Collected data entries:
[Start of Attachment]

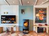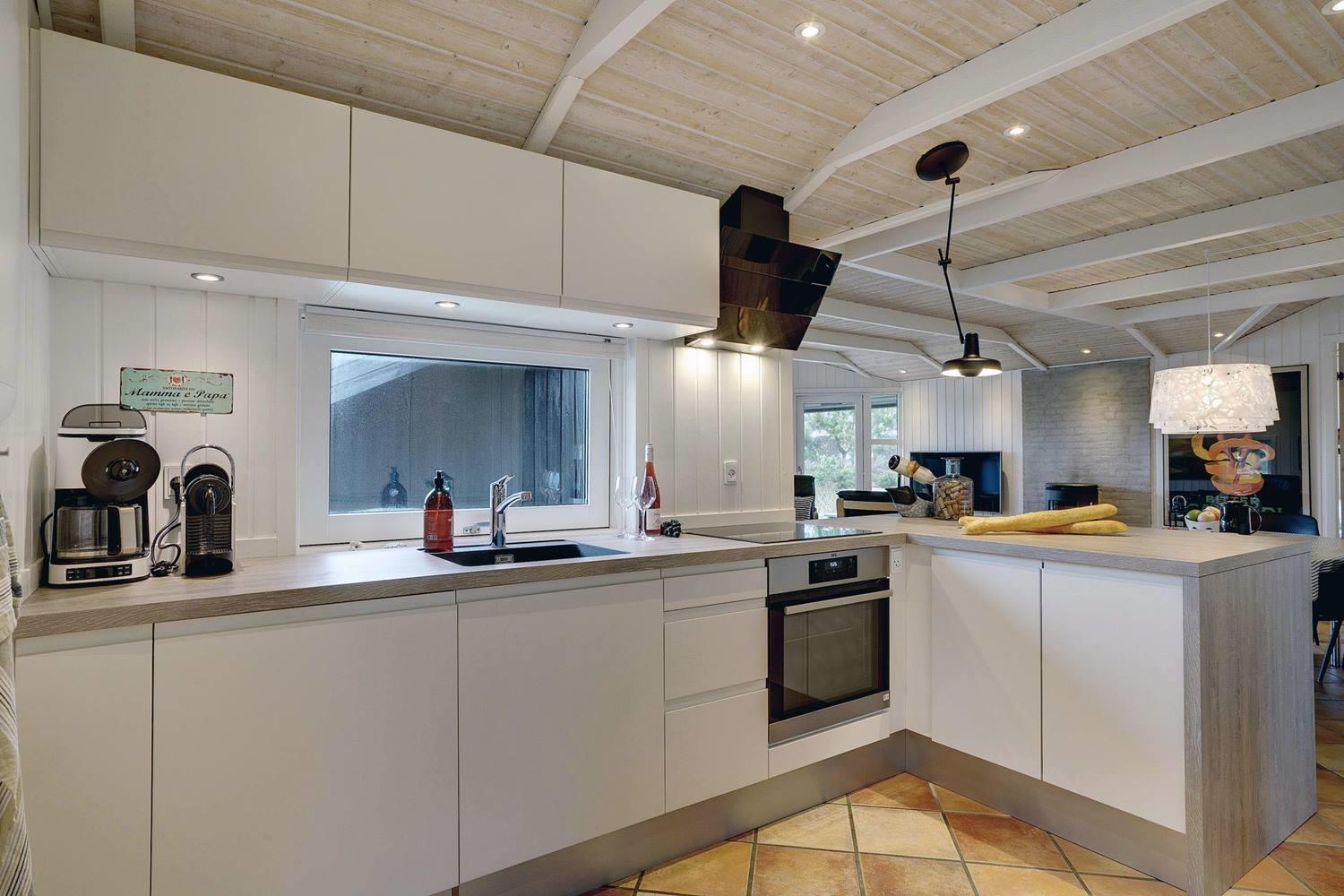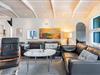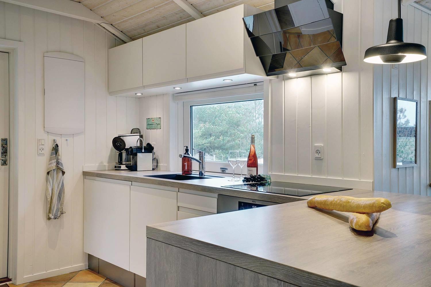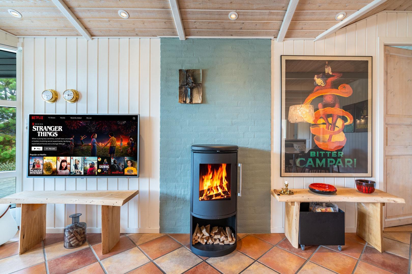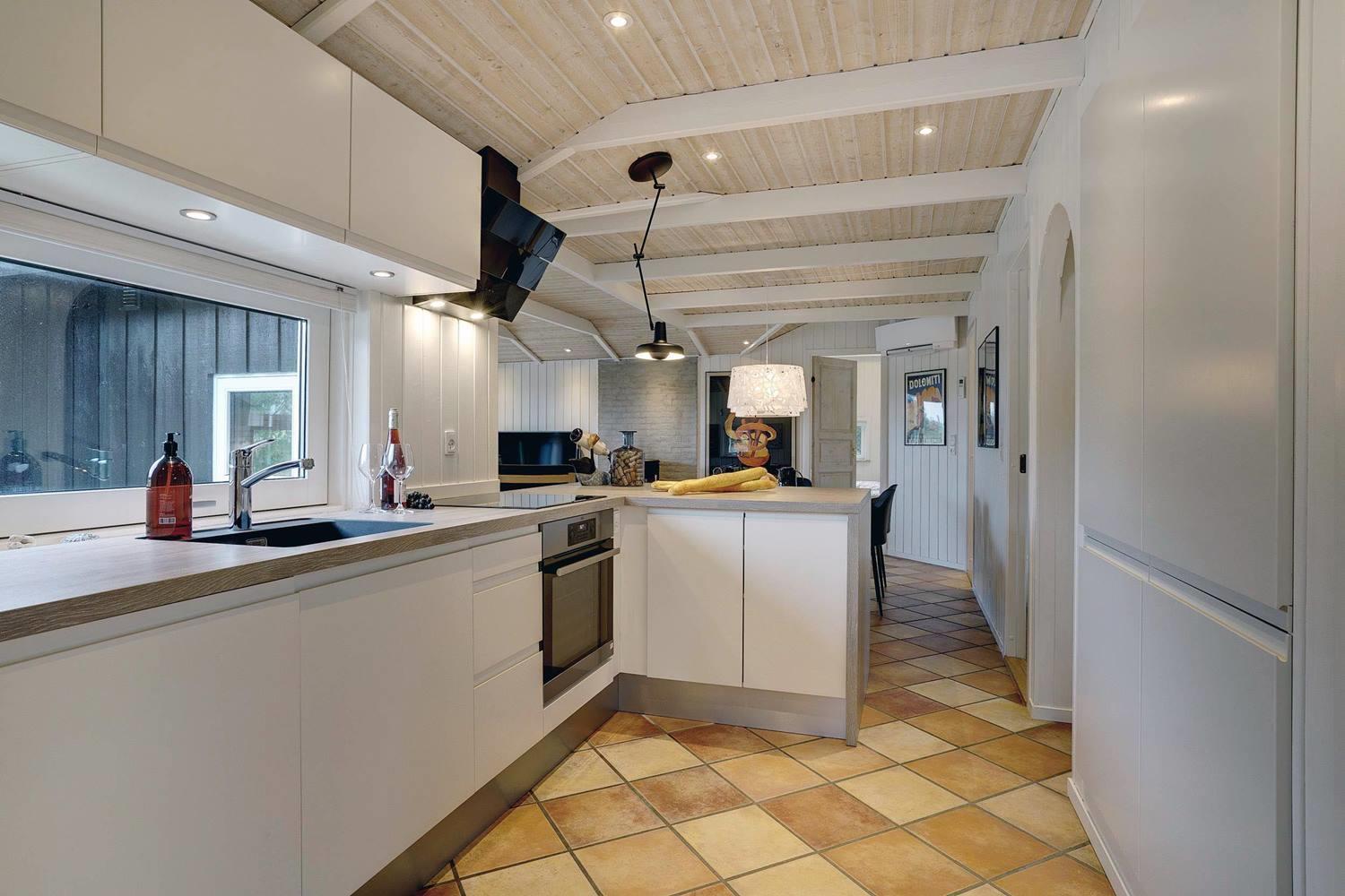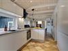 Det nyere køkken ligger i åben forbindelse med den smagfuldt møblerede stue, hvor I kan samles til madlavning, spil og afslapning foran brændeovnen.
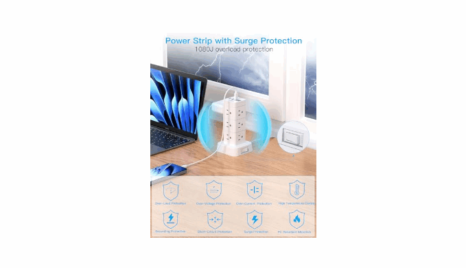 【Power Strip with Surge Protection & Overload Protection】- The surge protector tower with overload protection protects against spikes and fluctuations. The reset/off switch with integrated circuit breaker for overload protection of all outlets. This surge protector power strip has overload protection, short-circuit protection, over current protection, over-voltage protection and overheating protection. Fire-resistance PC shell with flame retardant at 1382℉ makes it more safe and longer lifetime.
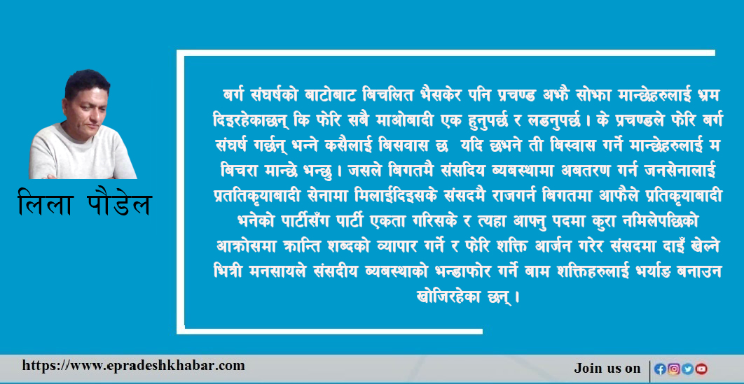 बर्ग सङ्घर्षको बाटोबाट बिचलित भैसकेर पनि प्रचण्ड अझै सोझा मान्छेहरुलाई भ्रम दिइरहेकाछन् कि फेरि सबै माओबादी एक हुनुपर्छ र लडनुपर्छ । के प्रचण्डले फेरि बर्ग सङ्घर्ष गर्छन् भन्ने कसैलाई बिसवास छ ?यदि छभने ती बिस्वास गर्ने मान्छेहरुलाई म बिचरा मान्छे भन्छु । जसले बिगतमै संसदिय ब्यबस्थामा अबतरण गर्न जनसेनालाई प्रततिकृयाबादी सेनामा मिलाईदिइसके संसदमै राजगर्न बिगतमा आफैले प्रतिकृयाबादी भनेको पार्टीसँग पार्टी एकता गरिसके र त्यहा आफ्नु पदमा कुरा नमिलेपछिको आक्रोसमा क्रान्ति शब्दको व्यापार गर्ने र फेरि शक्ति आर्जन गरेर संसदमा दाइँ खेल्ने भित्री मनसायले संसदीय ब्यबस्थाको भन्डाफोर गर्ने बाम शक्तिहरुलाई भर्याङ बनाउन खोजिरहेकाछन् । त्यसकारण नबउदारबाद बहुलबादमा डुबुल्की मारिसकेका र नब उदारबासँग समझौता गरिसकेकाहरुबाट बाम शक्ति बेलैमा सचेत रहन आबश्यक छ ।
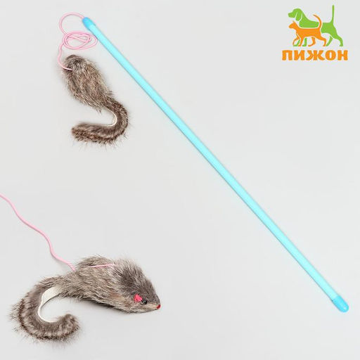 Дразнилка-удочка с серой мышью из натурального меха, 46 см, палочка микс цветов
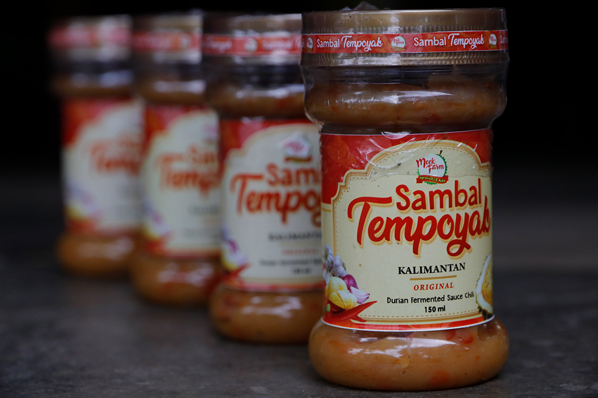 Buat Sobat Pesona yang mungkin belum tahu apa itu tempoyak, tempoyak adalah daging buah durian yang difermentasi selama 3-5 hari. Biasanya tempoyak disajikan sebagai lauk. Tempoyak juga sangat nikmat dijadikan sambal, disantap dengan nasi hangat, ikan bakar, maupun ikan asin, dijamin selera makan Sobat pasti meningkat! Sambal tempoyak original yang dijual seharga Rp17.500,- ini cocok dijadikan oleh-oleh.
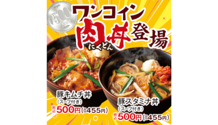 安楽亭は、焼肉レストラン「安楽亭」でランチタイム限定で500円で楽しめる「ワンコイン肉丼」として「豚キムチ丼」と「豚スタミナ丼」の販売を6月23日に開始した。
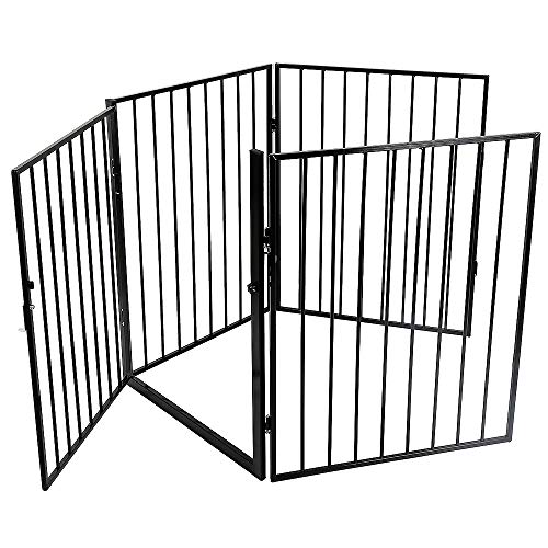 Cancelletto di Sicurezza Barriera Protettiva per Bambini, Camino, Cani, Animali, Stufa, Bambini Box Cani Grata Pieghevole- 5 elementi, 300 x 75 cm, Nero
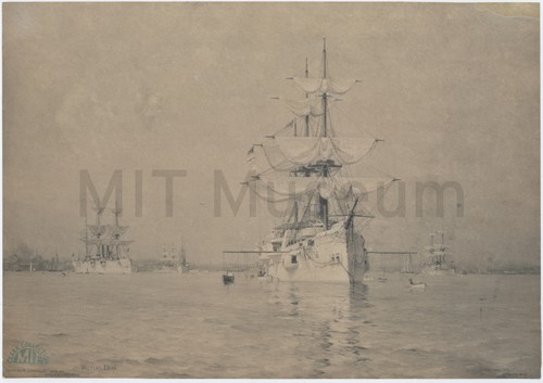Great White Fleet, U.S.N. about 1885-'98 - at Anchor. Photograph of a painting depicting several large steam-and-sail gunships at anchor, with …
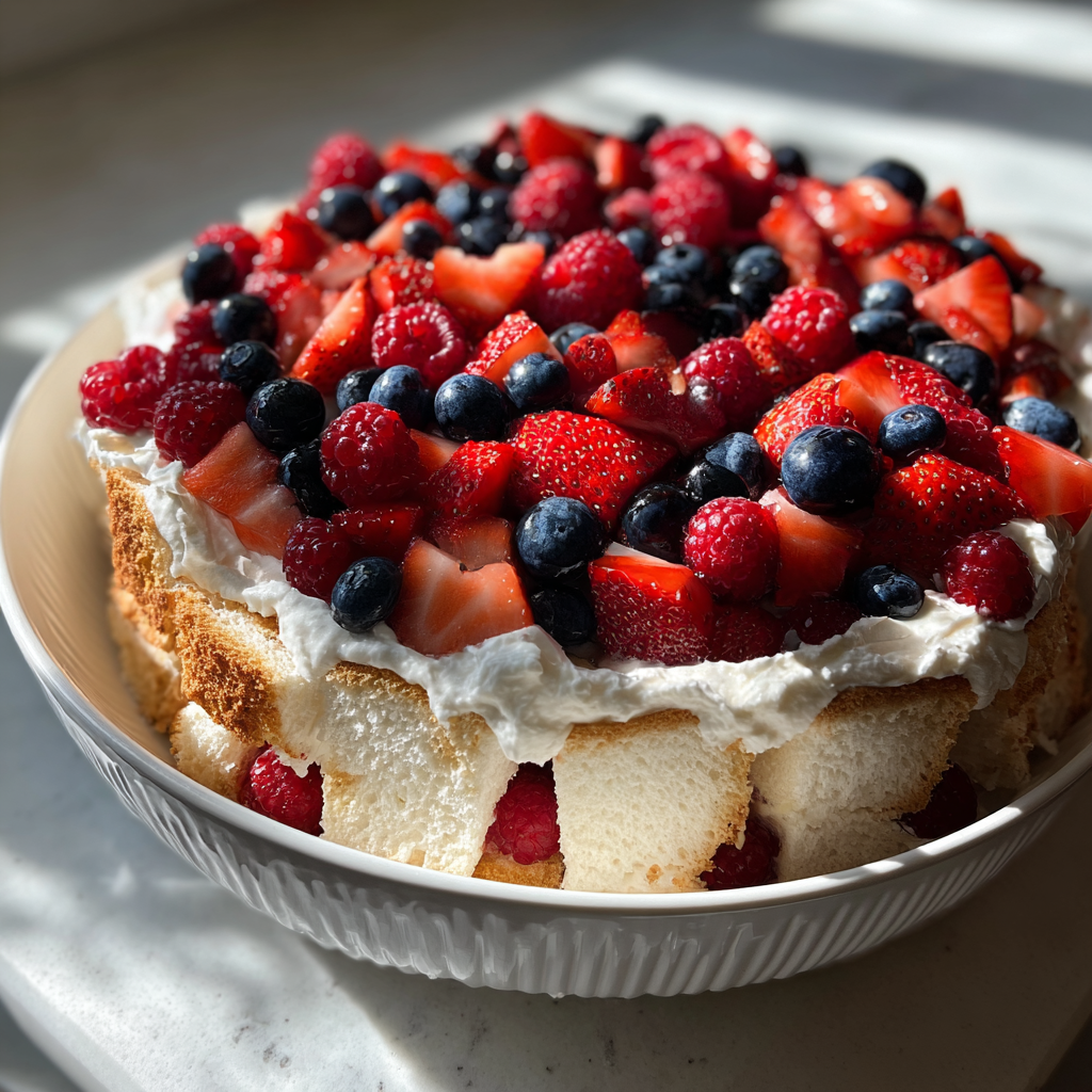 Imagine a light and fluffy angel food cake, cradling layers of juicy, vibrant berries, all enveloped in a cloud of creamy whipped topping. As you take a bite, the sweetness of the strawberries, blueberries, and raspberries mingles perfectly with the airy cake and the rich cream. The colors of the berries pop against the white of the cream and cake, creating a visually stunning dessert that is as appealing to the eyes as it is to the taste buds. The aroma of fresh berries mixed with the scent of vanilla wafts through the air, inviting everyone to dig in.
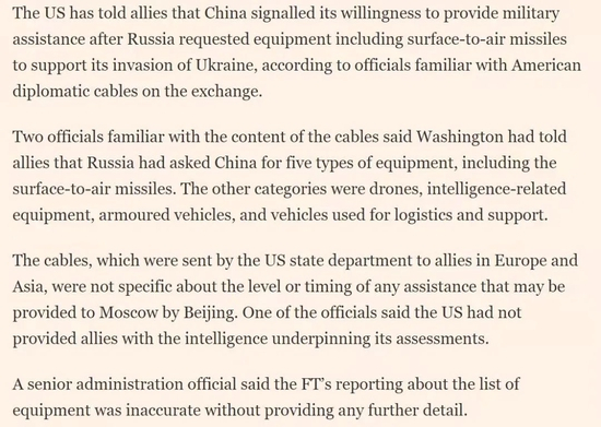 文章引述美国两名知情官员的话称,美国国务院已通知北约组织成员国和亚洲盟友,宣称“中国已表示愿意对俄罗斯提供军事支援”。而且,美国国务院还通过外交电报告诉盟友,“中国会否认这种计划的存在”。
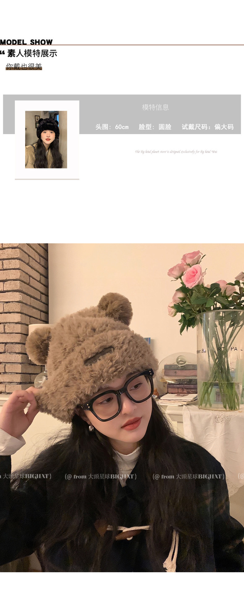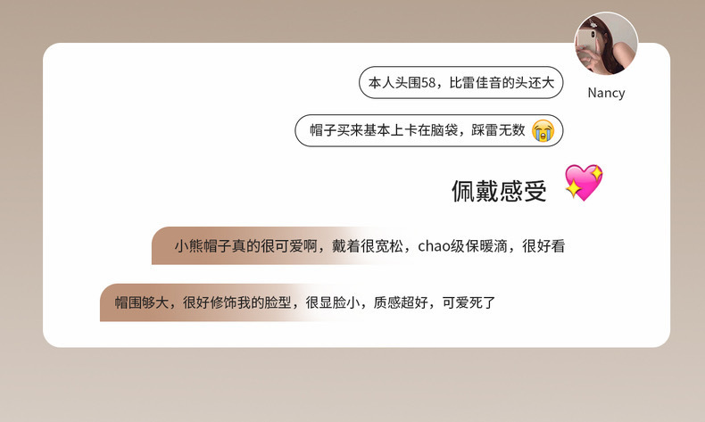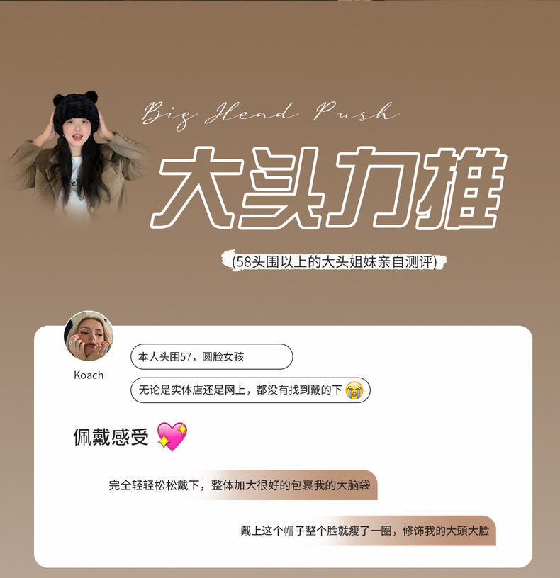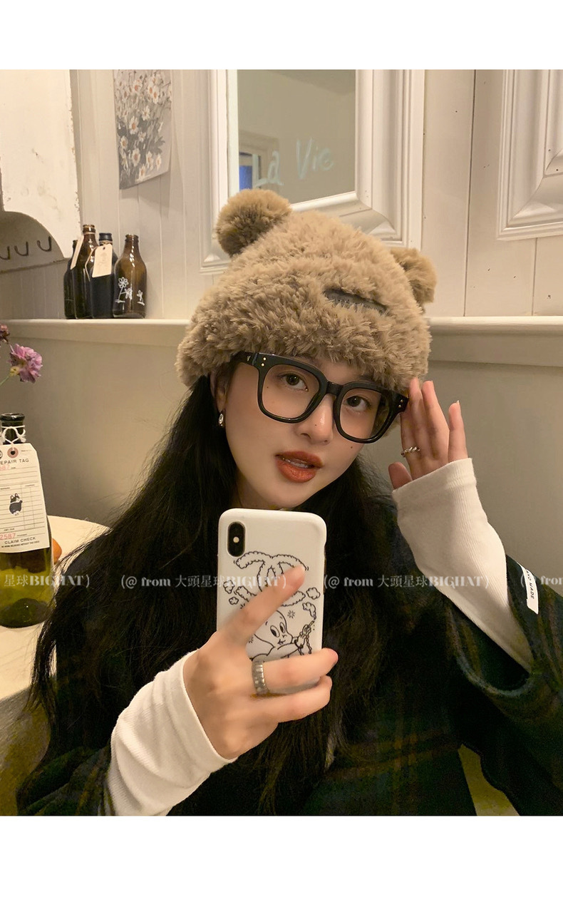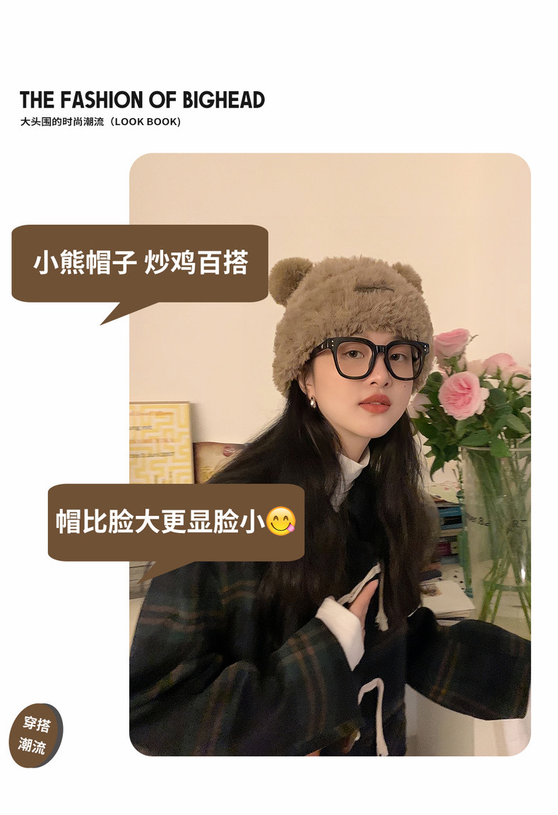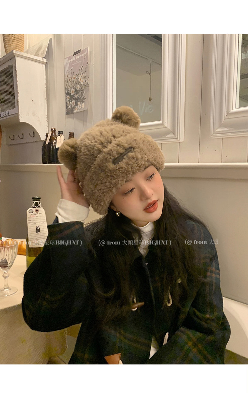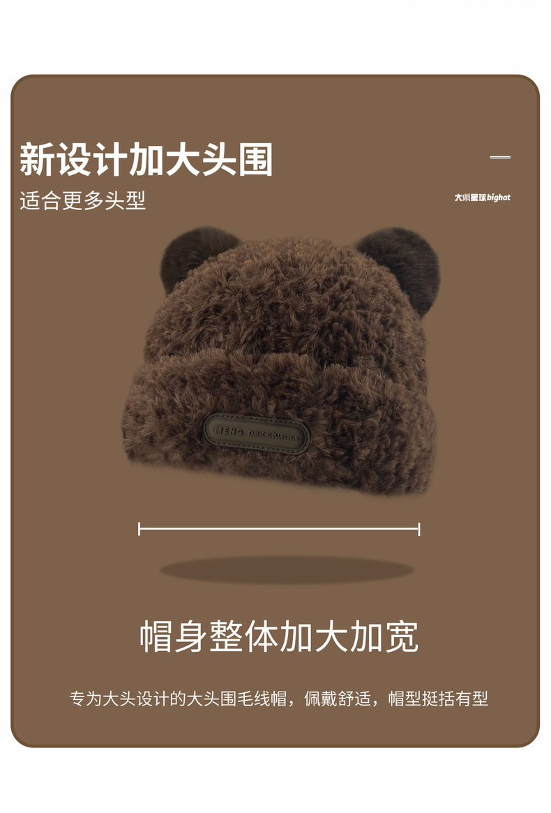 冬季新款女毛绒护耳保暖加厚针织帽子可爱小熊显脸小大头围堆堆帽

[End of Attachment]

WHAT TO WORK ON: Return all the data above as written, leaving out only the pictures.

ANSWER BOX:
 Det nyere køkken ligger i åben forbindelse med den smagfuldt møblerede stue, hvor I kan samles til madlavning, spil og afslapning foran brændeovnen.
 【Power Strip with Surge Protection & Overload Protection】- The surge protector tower with overload protection protects against spikes and fluctuations. The reset/off switch with integrated circuit breaker for overload protection of all outlets. This surge protector power strip has overload protection, short-circuit protection, over current protection, over-voltage protection and overheating protection. Fire-resistance PC shell with flame retardant at 1382℉ makes it more safe and longer lifetime.
 बर्ग सङ्घर्षको बाटोबाट बिचलित भैसकेर पनि प्रचण्ड अझै सोझा मान्छेहरुलाई भ्रम दिइरहेकाछन् कि फेरि सबै माओबादी एक हुनुपर्छ र लडनुपर्छ । के प्रचण्डले फेरि बर्ग सङ्घर्ष गर्छन् भन्ने कसैलाई बिसवास छ ?यदि छभने ती बिस्वास गर्ने मान्छेहरुलाई म बिचरा मान्छे भन्छु । जसले बिगतमै संसदिय ब्यबस्थामा अबतरण गर्न जनसेनालाई प्रततिकृयाबादी सेनामा मिलाईदिइसके संसदमै राजगर्न बिगतमा आफैले प्रतिकृयाबादी भनेको पार्टीसँग पार्टी एकता गरिसके र त्यहा आफ्नु पदमा कुरा नमिलेपछिको आक्रोसमा क्रान्ति शब्दको व्यापार गर्ने र फेरि शक्ति आर्जन गरेर संसदमा दाइँ खेल्ने भित्री मनसायले संसदीय ब्यबस्थाको भन्डाफोर गर्ने बाम शक्तिहरुलाई भर्याङ बनाउन खोजिरहेकाछन् । त्यसकारण नबउदारबाद बहुलबादमा डुबुल्की मारिसकेका र नब उदारबासँग समझौता गरिसकेकाहरुबाट बाम शक्ति बेलैमा सचेत रहन आबश्यक छ ।
 Дразнилка-удочка с серой мышью из натурального меха, 46 см, палочка микс цветов
 Buat Sobat Pesona yang mungkin belum tahu apa itu tempoyak, tempoyak adalah daging buah durian yang difermentasi selama 3-5 hari. Biasanya tempoyak disajikan sebagai lauk. Tempoyak juga sangat nikmat dijadikan sambal, disantap dengan nasi hangat, ikan bakar, maupun ikan asin, dijamin selera makan Sobat pasti meningkat! Sambal tempoyak original yang dijual seharga Rp17.500,- ini cocok dijadikan oleh-oleh.
 安楽亭は、焼肉レストラン「安楽亭」でランチタイム限定で500円で楽しめる「ワンコイン肉丼」として「豚キムチ丼」と「豚スタミナ丼」の販売を6月23日に開始した。
 Cancelletto di Sicurezza Barriera Protettiva per Bambini, Camino, Cani, Animali, Stufa, Bambini Box Cani Grata Pieghevole- 5 elementi, 300 x 75 cm, Nero
Great White Fleet, U.S.N. about 1885-'98 - at Anchor. Photograph of a painting depicting several large steam-and-sail gunships at anchor, with …
 Imagine a light and fluffy angel food cake, cradling layers of juicy, vibrant berries, all enveloped in a cloud of creamy whipped topping. As you take a bite, the sweetness of the strawberries, blueberries, and raspberries mingles perfectly with the airy cake and the rich cream. The colors of the berries pop against the white of the cream and cake, creating a visually stunning dessert that is as appealing to the eyes as it is to the taste buds. The aroma of fresh berries mixed with the scent of vanilla wafts through the air, inviting everyone to dig in.
 文章引述美国两名知情官员的话称,美国国务院已通知北约组织成员国和亚洲盟友,宣称“中国已表示愿意对俄罗斯提供军事支援”。而且,美国国务院还通过外交电报告诉盟友,“中国会否认这种计划的存在”。
 冬季新款女毛绒护耳保暖加厚针织帽子可爱小熊显脸小大头围堆堆帽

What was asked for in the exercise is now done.